The renovations, expected to last nine months, include installing a new floor, newly designed moveable acoustical treatments on the walls and virtual acoustic systems for flexible acoustic performance in a variety of experiments, as well as a hanging grid that will cover the whole ceiling, letting researchers mount video and motion-capture cameras, microphone arrays and speakers anywhere in the space.

For the Université de Montréal, the project will allow Salle Claude-Champagne (SCC), already a beloved performance space, to be used also as a laboratory. The SCC can currently hold a full orchestra and a thousand spectators. As part of this project, infrastructure for data collection and equipment for sophisticated environmental control will be added.

Université de Montréal professor Caroline Traube explains that the new equipment will let researchers capture a variety of data simultaneously. This equipment includes cameras that will capture the performers’ movements from different angles, as well as high-quality microphones. A control room will be added to the back of the hall, where it will function as a recording studio; researchers will also be able to hear and analyse the music performed in the hall from a new adjacent lab.

With all of this in place, the SCC and MMR will be connected into a half digital and half physical space with new kinds of experimental possibilities. For example: two groups of participants could experience the same performance, one at McGill and the other at UdeM, while both audience and performers are tracked by networks of sensors. Experimenters could even introduce subtle differences into the digital experience and study the effects in comparison to the control group in the hall.

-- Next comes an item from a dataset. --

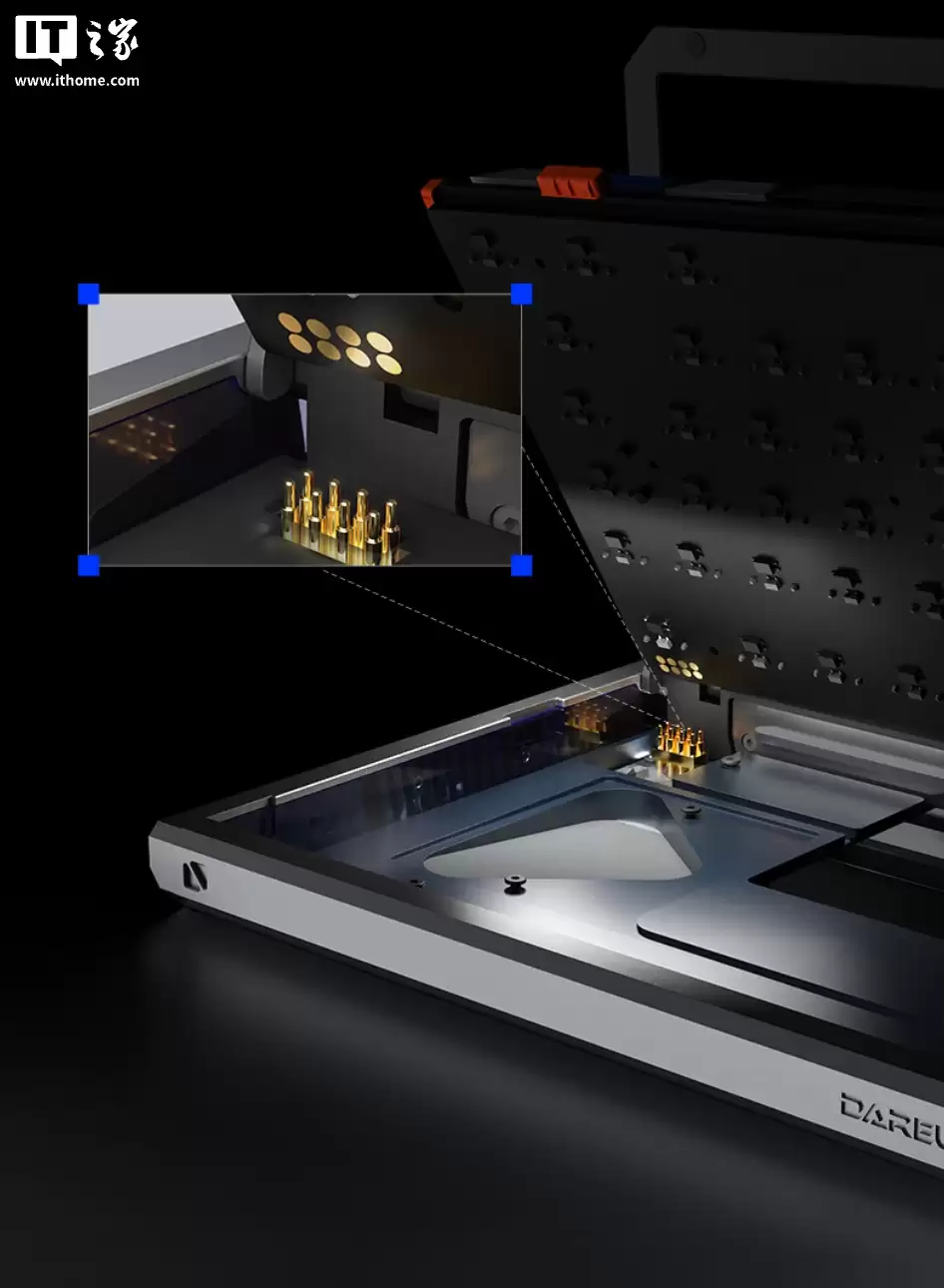 ULTRA 75的最大突破,是将复杂的键盘改装简化为直觉化操作。其星轨铰链结构不仅实现多角度悬停,更通过内置的触点模块实现上盖的即时供电与通讯。用户无需借助任何工具或焊接知识。

“The unique aspect of this project is that all these components are united,” Traube explains. “I don’t know another research centre that would study musical gesture and telepresence and immersive systems for large ensembles in an integrated way.”

The new infrastructure will make it easier to experiment with distributed performance where artists in different, sometimes distant, locations perform together. CIRMMT already pioneered work in this area with the Open Orchestra project, which combined live, recorded and virtual players in a new kind of ensemble.

“This grant takes us to a new level in fostering interdisciplinarity” says Schulich professor and current CIRMMT director Isabelle Cossette, a flautist and an expert on respiration and scientifically-based instrumental pedagogy. “It’s a unique opportunity to understand, through collaborative work with performers, composers, educators and scientists, how we compose, make and perceive music.”